Meskipun ada perbedaan antar individu, umumnya persalinan berlangsung setelah
infuse oksitosin 25 mili unit. Soloff dkk (1977) telah memperlihatkan bahwa
reseptor oksitosin terletak dalam miometrium. Reseptor ini berlokasi pada
membrane plasma sel otot polos dan secara fisiologis merupakan reseptor yang
spesifik untuk oksitosin. Jumlah reseptor oksitosin berbeda pada setiap usia
kehamilan dan meningkat secara signifikan pada kehamilan lanjut, sejalan dengan
peningkatan sensitivitas miometrium terhadap oksitosin. Diperkirakan jumlah
reseptor oksitosin pada saat awal persalinan 30 kali lebih banyak dari saat awal
kehamilan.
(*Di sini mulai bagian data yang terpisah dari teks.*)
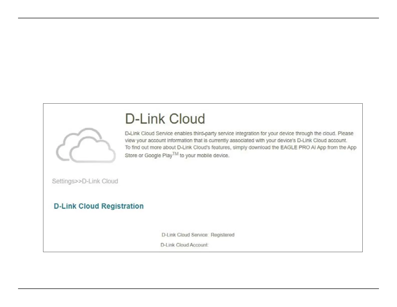Go to Settings > D-Link Cloud to see your D-Link Cloud Service details. This page lists whether you are registered with
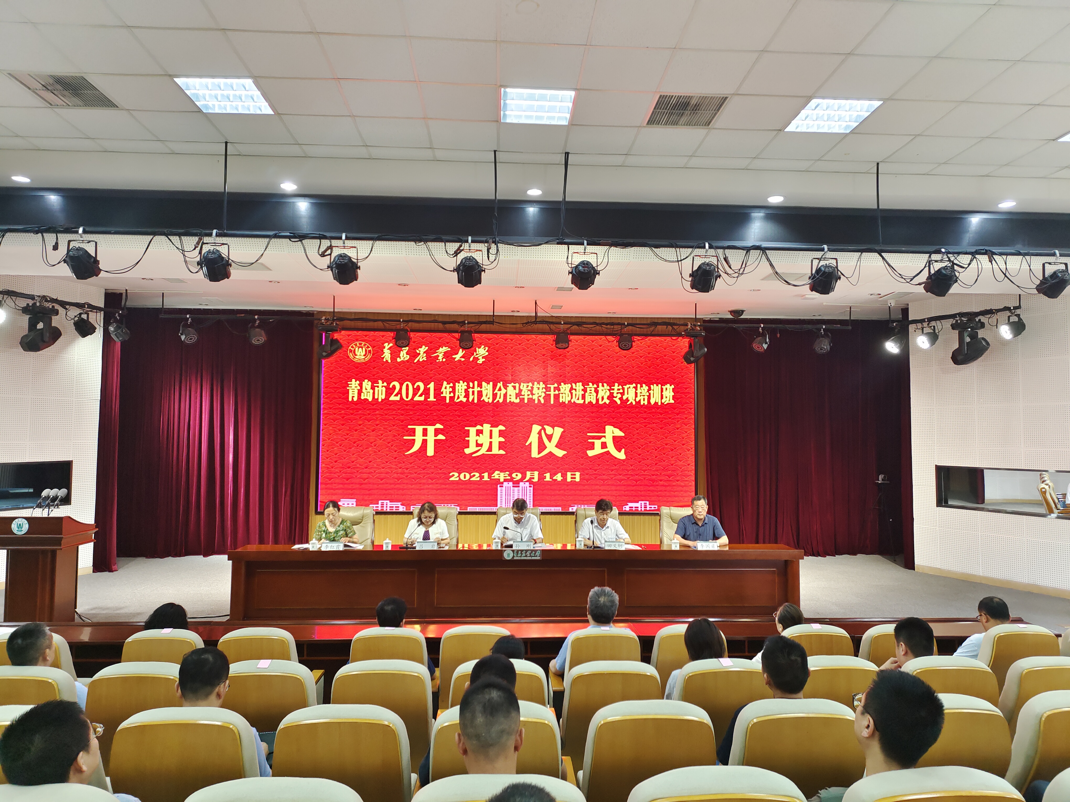 9月14日,青岛市2021年度计划分配军转干部进高校专项培训班开班仪式在我校举行。副校长田义轲,青岛市退役军人事务局副局长孙刚出席开班仪式,仪式由青岛市退役军人事务局移交安置处处长吕岩主持。
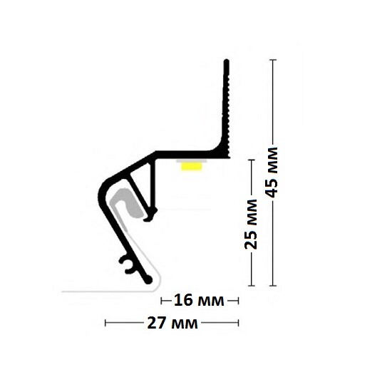 Стеновой парящий профиль ПФ 8406 для натяжных потолков с гарпунной системой крепления полотна. С полкой для светодиодной ленты и креплением для светорассеивающей вставки.
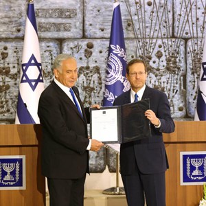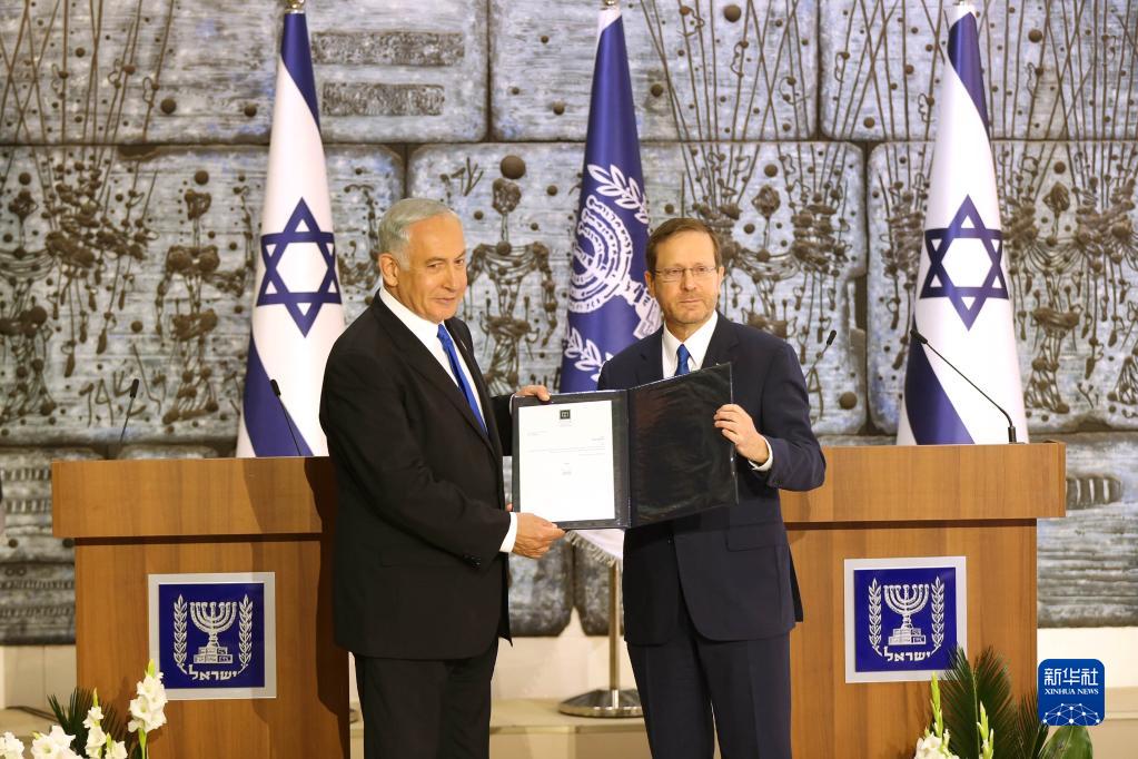 以色列總統赫爾佐格13日正式授權前總理、利庫德集團領(lǐng)導人內塔尼亞胡組建新政府。新華社記者 王卓倫 攝
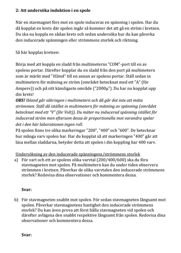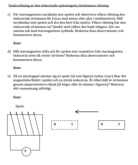 - 2e) när stavmagneten närmar sig spolen, varför ökar det magnetiska flödet i spolen och leder till ströminduktans? Hur vet man åt vilket håll strömmen genom amperemeter är riktad? Vi kommer ha digitala multimeter på labben, så jag vet inte om det vår kommer visa en ”riktning” så att säga.

Penemuan antagonis oksitosin, atosiban yang efektif dalam menunda
persalinan preterm, juga menunjukkan pentingnya peranan oksitosin dalam
fisiologi persalinan. Oksitosin juga meningkatkan produksi local prostaglandin
yang juga merangsang kontraksi uterus. Oksitosin menyebabkan pengelepasan
prostaglandin pada beberapa spesies, tetapi tidak jelas apakah ini merupakan efek
primernya atau berhubungan dengan kontraksi uterus.
Efek ADH. Berlawanan denagn oksitosin, ADH lebih nyata efeknya pada uterus
tidak hamil. Beberapa peneliti berpendapat bahwa nyeri haid berhubungan dengan
peningiian tonus dan tekanan intrauterine timbul secara konsisten oleh ADH,
bukan oleh oksitosin.
Kelenjar mama. Bagian alveolar kelenjar mama dikelilingi oleh jaringan otot
polos, yaitu mioepitel. Kontraksi mioepitel menyebabkan susu mengalir dari
saluran alveolar ke dalam sinus yang besar sehingga mudah dihisap bayi. Fyngsi
ini dinamakan ejeksi susu. Mioepitel sangat peka terhadap oksitosin. Walaupun
katekolamin dapat menghambat ejeksi susu, kontraksi mioepitel tidak tergantung
pada saraf otonom, tetapi dikontrol oleh oksitosin. Sekresi oksitosin endogen
dipicu oleh rangsangan pada payudara, baik melalui isapan ataupun rangsangan
mekanik lainnya. Sediaan oksitosin berguna untuk memperlancar ejeksi susu, bila
oksitosin endogen tidak mencukupi. Juga berguna untuk emngurangi
pembengkakan payudara pasca persalinan.
Efek lain. Pada hewan coba, oksitosin meninggika ekskresi Na walaupun efek ini
tergantung adanya ADH di sirkulasi. Pada manusia perubahan ekskresi elektrolit
ini tidak berarti. Dosis besar oksitosin dapat menimbulkan efek antidiuretik
berupa intoksikasi air terutama pada pasie yang mendapat cairan infuse dalam
jumlah besar. Oksitosin dapat mensupresi sekresi ACTH.